The incidence and prevalence of encephalitis is not well established due to differences in populations, diagnosis, and reporting. Recent studies suggest an overall incidence rate across all age ranges of about 50 cases of all-cause encephalitis per million persons. Of these, about 40% are infectious, 40% unknown cause, 10% ADEM, and 5% each are NMDAR and VGKCC antibody encephalitis. A number of studies have suggested that, excluding infants and excluding epidemics, NMDAR encephalitis is more common than any other single sporadic viral encephalitic etiology. Thus in adults, the incidence of VGKCC and NMDAR antibody disorders probably is each somewhat similar to that of Creutzfeldt-Jakob disease with an incidence rate of about two per million persons per year. VGKCC antibody encephalitis occurs more often in persons older than the age of 50 years and affects men more than women (about 65% men). NMDAR encephalitis is increasingly recognized in the pediatric population, and more than half of cases occur in children. A series of about 500 cases has shown a median age of onset of 21 years with a range of 8 months to 85 years. There is a strong female predominance (81%), but among patients younger than 12 years, or older than 45 years, as many as 40% of cases are male. Only about 40% of patients have tumors, but of those with tumors, more than 95% are women. Tumors are more common among patients of Asian or African ancestry. Individuals with tumors that are resected improve more quickly, require less treatment, and are much less likely to relapse. With or without tumor, 2 years after treatment, there is a good outcome in 80% of cases, with independent living, without disability, or only mild symptoms or disability. However, there is also a fatality rate of about 5%.


PATHOBIOLOGY

The general defining feature of the immune-mediated meningoencephalitides are the presence of specific autoantibodies directed toward nervous system antigens. It is not entirely clear that the antibodies themselves are pathogenic, and some have suggested that they might be bystanders in disease pathogenesis. For the antibodies directed toward intraneuronal antigens, evidence is indeed weak that the antigen relates to the syndromes and that the antibodies themselves are pathogenic; perhaps cytotoxic T cells are more responsible for disease pathogenesis and neural destruction. For the cell surface antigens, a variety of observations are suggestive
that the antibodies themselves may play an important part in the pathogenesis of the disorders. Antibody levels may correlate with disease activity; procedures to reduce immune response may result in clinical improvement; and in some cases, animal models have been developed mimicking the effects of antigen depletion. The genesis of these disorders is generally conceptualized as beginning with the development of an immune response to an autoantigen in the nervous system, either spontaneously due to exposure of the immune system to antigens displayed by a tumor, virus, or microbe or due to unmasking of otherwise privileged nervous system antigens due to brain injury or infection. The antigen provoking the response may be the actual neural antigen or a cross-reacting closely related molecule due to “molecular mimicry.” Once an immune response has occurred, there is immune-mediated attack on normal nervous system tissue. Such attack may occur after any inciting infection or injury has already resolved.

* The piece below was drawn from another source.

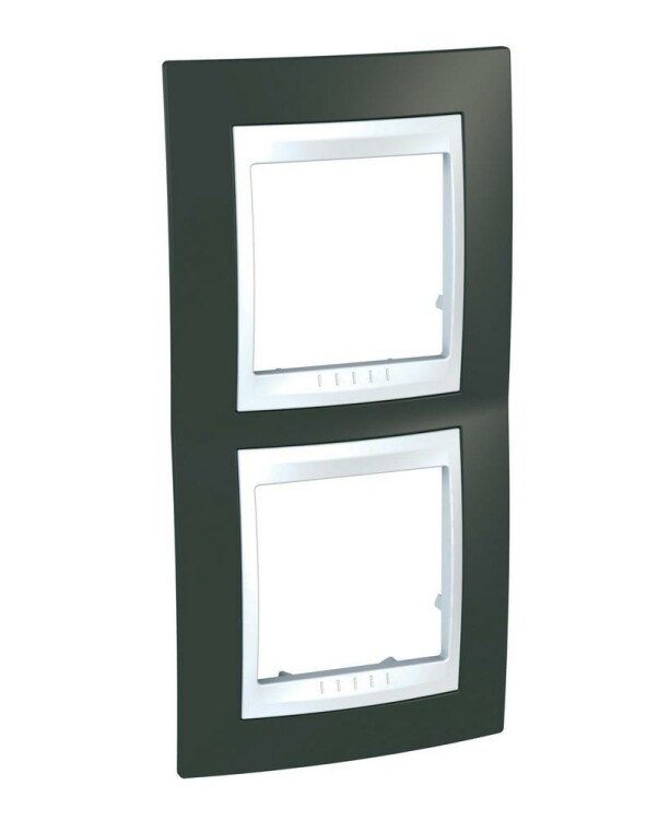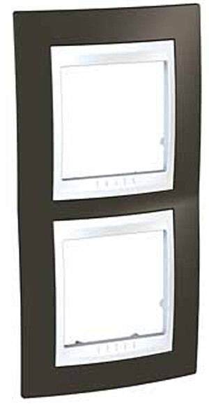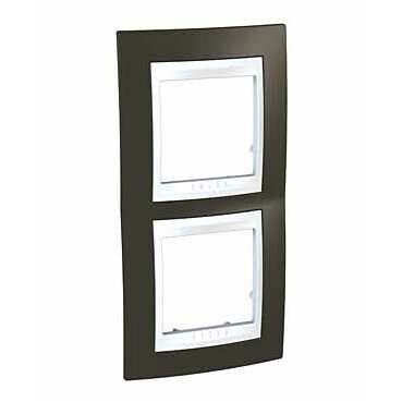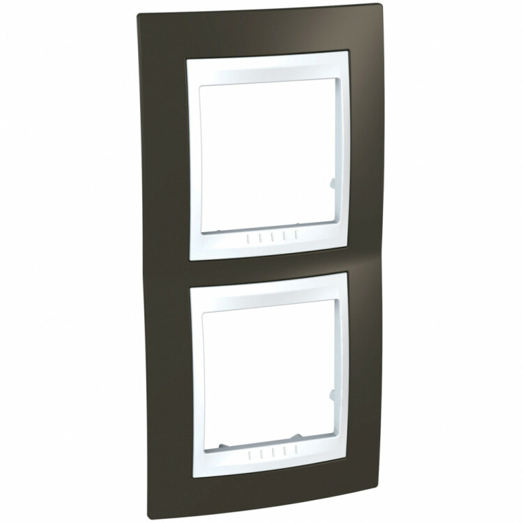 Рамка Schneider Electric UNICA ХАМЕЛЕОН (какао) двухместная с белой декоративной вставкой.

Immune-mediated encephalitides may be associated with antibodies to cell surface proteins, such as the VGKCC, NMDAR, α-amino-3-hydroxy-5-methyl-4-isoxazolepropionic acid (AMPA) receptor, or to γ-aminobutyric acid-B (GABAB) or glycine (GLY) receptors or may be associated with antibodies to synaptic proteins such as glutamic acid decarboxylase (GAD) or amphiphysin or may be associated with intraneuronal proteins such as Hu, Yo, Ma, or Ri (Table 71.1). Any of these syndromes may occur in the context of paraneoplasia, in which presumably some onconeural antigen on the tumor prompted the immune response, or “spontaneously” without the presence of a tumor. In general, the presumed deleterious effects of an antibody may relate simply to interference with neural transmission or to the development of immune-mediated attack on the patients neural tissue. NMDAR encephalitis is associated with the presence of anti-NR1 subunit antibodies, which apparently bind the NMDAR causing internalization of these receptors important for neurotransmission, particularly in the hippocampus. Pathologic studies of biopsies performed on patients with NMDAR antibody encephalitis often additionally show mild inflammation with perivascular infiltrates, which likely brings to the region injurious cytokines, but neurons and their connections are often intact. To the extent that there is only loss of neurotransmitter function and/or presence of noxious inflammatory molecules, elimination of the injurious antibody and the inflammatory response can allow for cellular production of new receptor proteins providing for complete recovery of function. To the extent that there is an immune attack on neurons, recovery is unlikely. In paraneoplastic cerebellar degeneration due to anti-Yo, pathologic studies show complete destructive depletion of all Purkinje cells, severely, and permanently impairing cerebellar function. Likewise in anti-Hu syndrome, there appears to be hippocampal atrophy with loss of neurons.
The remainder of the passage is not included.